(Records from a collection)
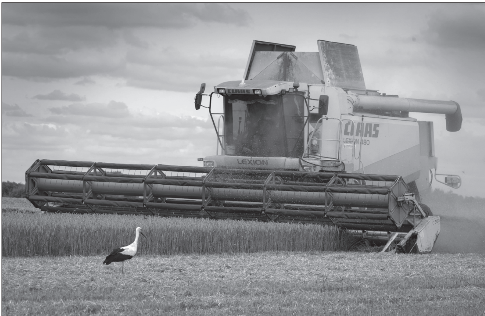
▲ "La demanda alimentaria de un planeta con casi 8 mil millones de habitantes no debe ser justificación para continuar la dependencia a energía fósil".
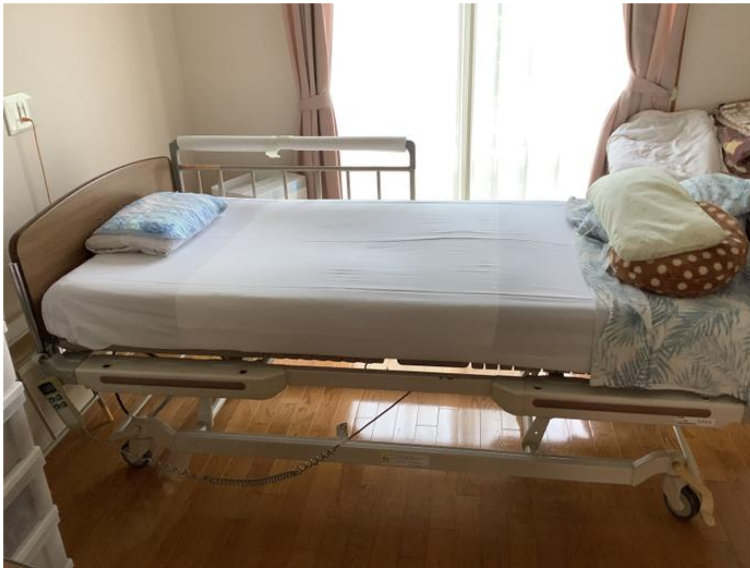
シーツ交換・洗濯物整理
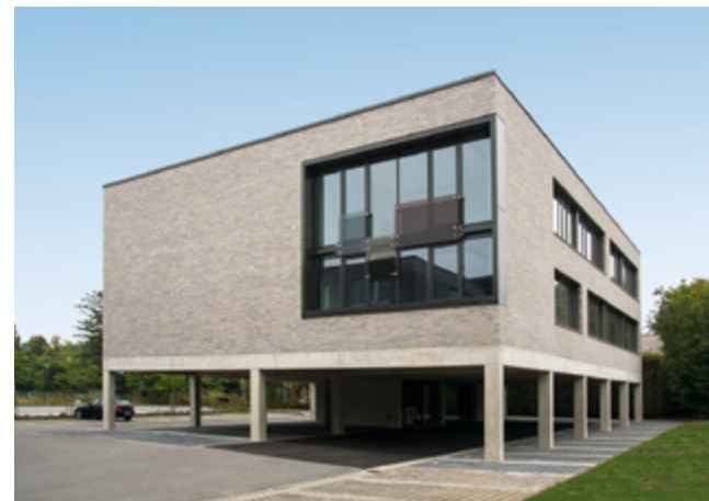
Osthushenrich Stiftung | Halle in Westfalen
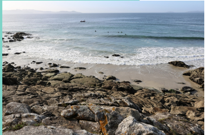
Praia Area dos Mortos
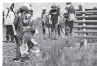
▲昨年のミニイベントの様子
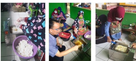
Gambar 6. Edukasi penanganan Ketel deep frying

Hasil akan optimal apabila perajangan bahan pisang, mesin slicer diputar pada kecepatan 200-300 rpm. Optimasi diukur dari hasil rajangan tidak rusak dan ketebalan sesuai keinginan. Ketel penggorengan telah dilengkapi dengan termometer mekanik dan timer. Pada Gambar 6 diperlihatkan edukasi penanganan ketel deep frying .
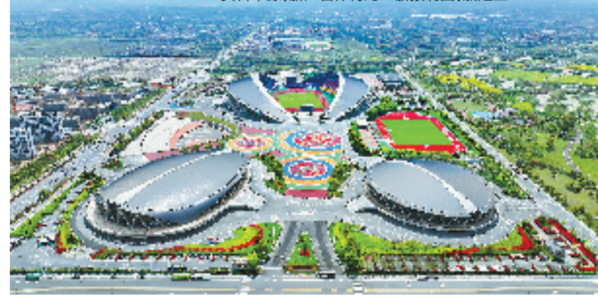
金华市体育中心鸟瞰。
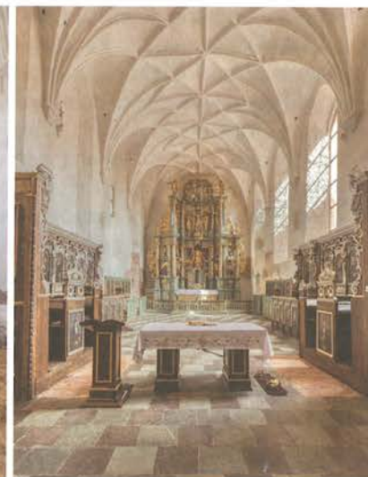
14. Barczewo. Kościół Świętego Andrzeja. Prezbiterium po zakończeniu prac konserwatorskich, 2022.
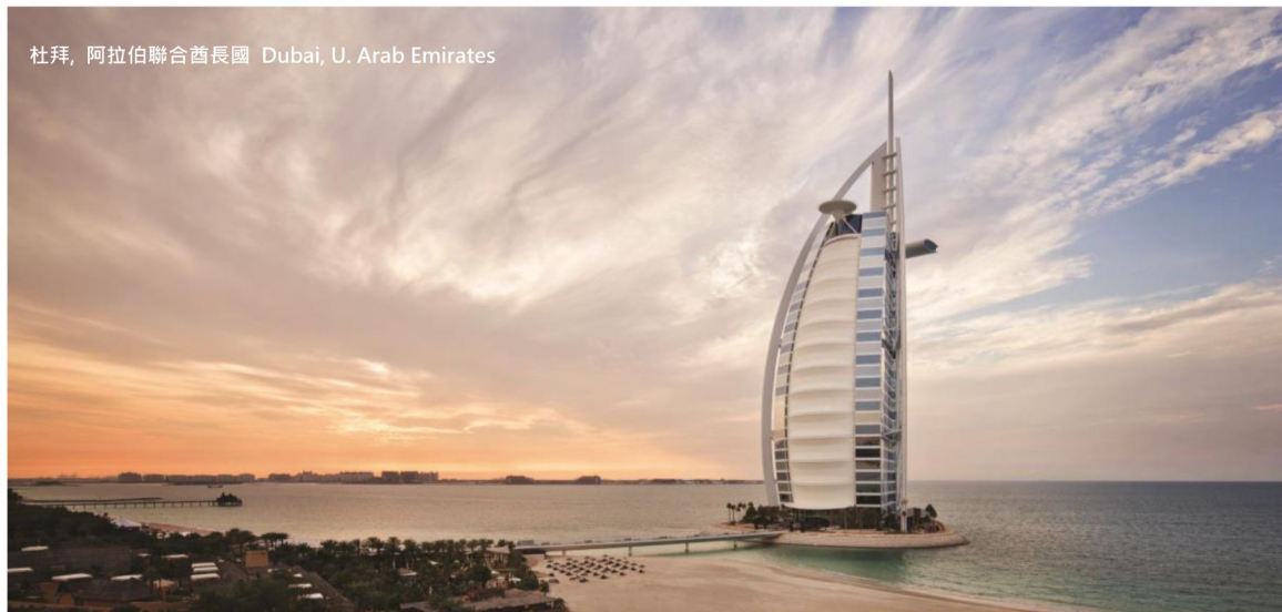
杜拜, 阿拉伯聯合酋長國 Dubai, U. Arab Emirates

• EXERCISE INSTRUCTIONS:
Please retype exactly the lines from the one containing "14. Barczewo. Kościół" to the last line of the records above, both included, without any pictures.

• OUTPUT:
14. Barczewo. Kościół Świętego Andrzeja. Prezbiterium po zakończeniu prac konserwatorskich, 2022.
杜拜, 阿拉伯聯合酋長國 Dubai, U. Arab Emirates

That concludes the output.